The need to change partners in a Limited Liability Partnership (LLP) can arise after its online registration and incorporation for various reasons.
Here are some primary reasons for changes in LLP partners or their designations after incorporation and LLP registration in India:
- Requirement to invest capital in the LLP.
- Change in responsibilities or engagements of the partner(s).
- Inability of a partner to perform according to the expectations outlined in the LLP Agreement or by the partners.
- Change in the terms of the agreement between the partners and the LLP.
- Resignation and retirement of a partner.
- Requirement to appoint expertise in a specific operational area of the LLP.
Besides these reasons, numerous other factors can necessitate the addition or removal of partners or a change in their designations after LLP registration.
This article provides a step-by-step guide on how to effect changes in partners or their designations within a Limited Liability Partnership.

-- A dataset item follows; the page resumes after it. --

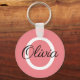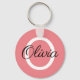 Custom monogrammed coral pink keychain gift. Personalised round button key chain with name initial letter. Elegant script typography template.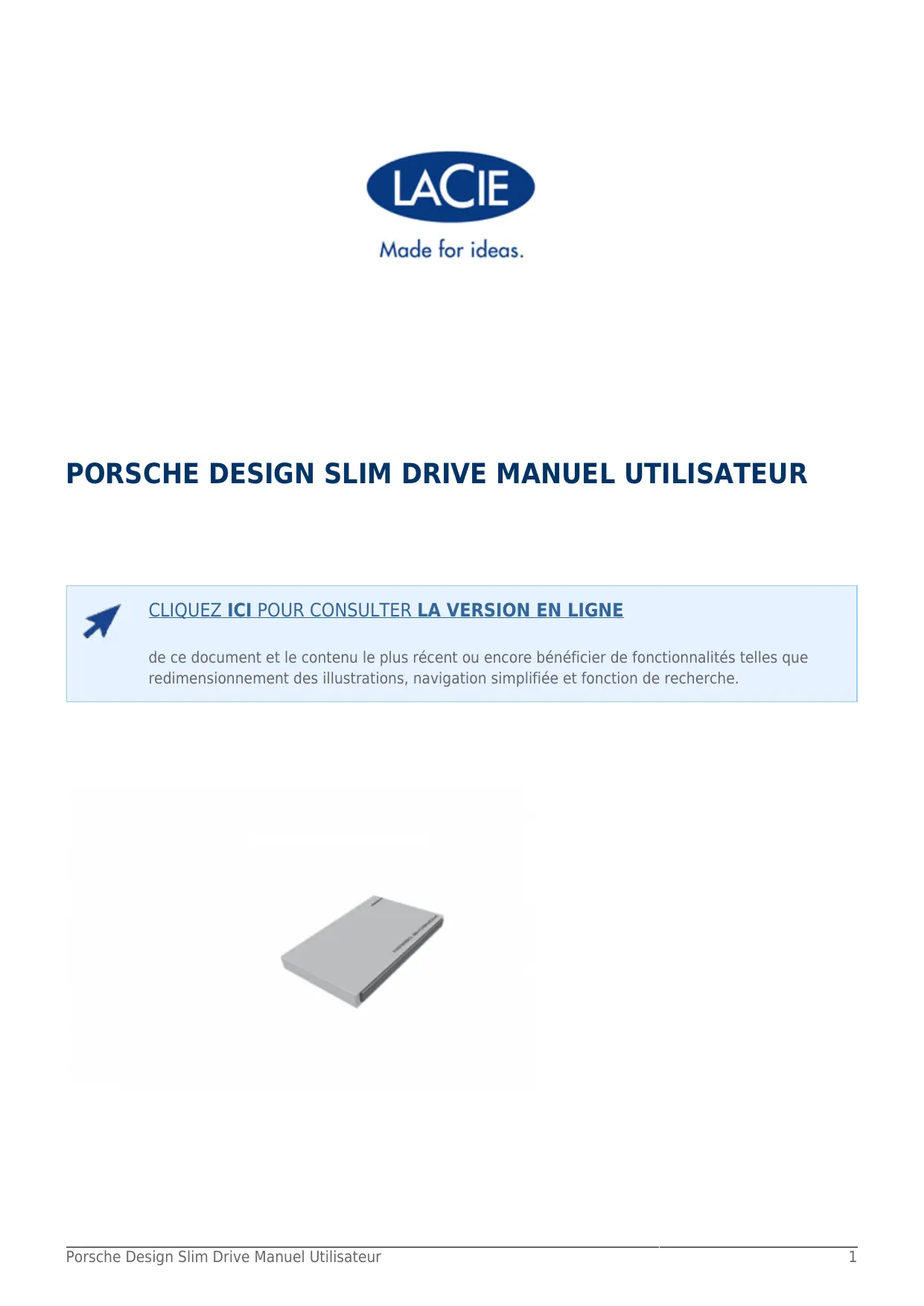 CLIQUEZ ICI POUR CONSULTER LA VERSION EN LIGNE de ce document et le contenu le plus récent ou encore bénéficier de fonctionnalités telles que redimensionnement des illustrations, navigation simplifiée et fonction de recherche. Porsche Design Slim Drive Manuel Utilisateur

Difference Between Change of Partners and Change in Designation:
The term “change in Partners” encompasses the addition, appointment, resignation, or removal of a partner in the LLP. In contrast, “change in designation” refers to a change in a partner’s official position or title within the LLP, without involving the addition or removal of any partners. The partners in an LLP are classified as Designated Partners and other regular partners. Therefore, the procedure to change a designation includes:
- Appointing a Partner as a Designated Partner.
- Changing a Designated Partner to a regular Partner.
Both changes in partners and changes in designation follow a similar procedure with minor variations. The procedure to effect these changes is outlined below.
When applying for the addition of a Designated Partner or a change of designation from Partner to Designated Partner, the individual concerned must also obtain a DIN (Director Identification Number). If the person has already applied for and been allotted a DIN, the same number should be provided and noted for their addition to the LLP. In the case of the resignation of a Partner or Designated Partner, the individual must provide the LLP with a notice period of at least 30 days.
The process to effect the change involves the following steps:
- Pass a resolution to affect the change.
- Execute a Supplement Agreement.
- File an application for approval of the change.
1. Pass a resolution to affect the change:
To implement any changes in the Limited Liability Partnership, the partners must pass a resolution at a meeting of the partners, as required by the LLP Agreement of the concerned LLP. This resolution should authorize one of the existing Designated Partners to act on behalf of the LLP and its partners. Furthermore, the authorized partner(s) must possess a valid DSC (Digital Signature Certificate) to file the application with the Registrar.
2. Execute a Supplement Agreement:
A supplement deed to the LLP Agreement must be executed by all the partners of the LLP, including any partner being added or removed.
Care should be taken to ensure that the clauses, terms, and conditions related to the addition/removal of a partner, as outlined in the original LLP Agreement, are adhered to in the supplement.
Any additional requirements or clauses can also be inserted, altered, or removed through this Supplement Agreement.
Furthermore, the said supplement deed must be executed upon payment of the required Stamp Duty. The payable stamp duty will be determined based on the capital changed or introduced during the alteration.
If there is no addition of capital to the LLP during the change, the agreement is executed by paying a Stamp Duty of only Rs 100/-.
Please refer to another blog titled “When to change the LLP Agreement: Know reasons and procedure” for detailed information on the compliances and considerations during the execution of the Supplement Agreement.
3. File an Application for approval of change:
Once the Supplement Agreement for the change of partner or their respective designation is executed by the partners, an application must be filed with the Ministry of Corporate Affairs (MCA) to approve these changes. This application should be filed with the assistance of a practicing professional, such as a Company Secretary or a Chartered Accountant. The application is filed in the prescribed forms, which are LLP Form 3 and LLP Form 4.